Já a expectativa de crescimento do PIB pelo mercado é de 2,19%, segundo o relatório Focus publicado pelo Banco Central nesta segunda-feira (3). Apesar de discreto, o crescimento dessa previsão também mostra tendência de alta: na semana passada era de 2,18%. Para 2024, a estimativa cresceu de 1,22% para 1,28% em uma semana.
Guilherme Mello criticou a taxa de juros, classificando a política monetária como “restritiva”, referindo-se à manutenção da Selic em 13,75% ao ano pelo BC.
Trimestre positivo
O PIB cresceu 1,9% no primeiro trimestre do ano em relação ao mesmo período do ano passado, o que surpreendeu positivamente o mercado e o próprio governo. “Certamente, hoje nós estamos mais próximos de uma realidade de um crescimento do PIB entre 2,5% e 3% neste ano do que o cenário inicial do mercado, que era próximo de 1%”, disse Mello.

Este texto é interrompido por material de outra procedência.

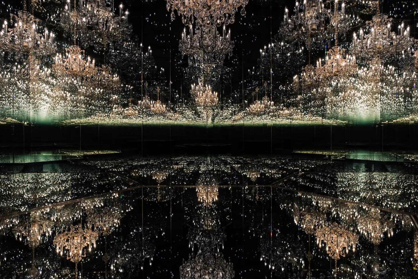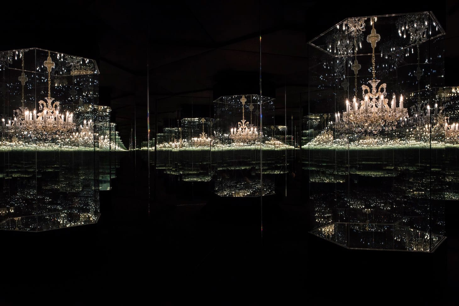 It is only when I begin to walk ahead and try to touch the walls — and you do not really want to do this because it is never really clear how, or even where, you can proceed — that I finally understand that there is only one chandelier, and that all the rest, all this infinite replication, is an extravagant, room-engulfing trick of the light.

O secretário esteve na reunião de hoje do Conselho de Desenvolvimento Econômico Social Sustentável, representando o ministro da Fazenda, Fernando Haddad, que não participou porque sua mãe, Norma Theresa Goussein Haddad, morreu na noite de domingo (2).
Tendência crescente
“Desde o início do ano nós temos dito que o crescimento seria maior do que aquele previsto pelo mercado”, continuou Mello. Segundo ele, a previsão do governo era por volta de 2% inicialmente, enquanto o mercado apostava em “algo próximo de 0,8%”.
Segundo o secretário, o crescimento das expectativas “é fruto da melhoria do ambiente econômico que a economia brasileira tem assistido nos últimos meses”. O cenário com o novo arcabouço fiscal está sendo influenciado positivamente para “melhoria expressiva de alguns preços macroeconômicos”, disse Mello.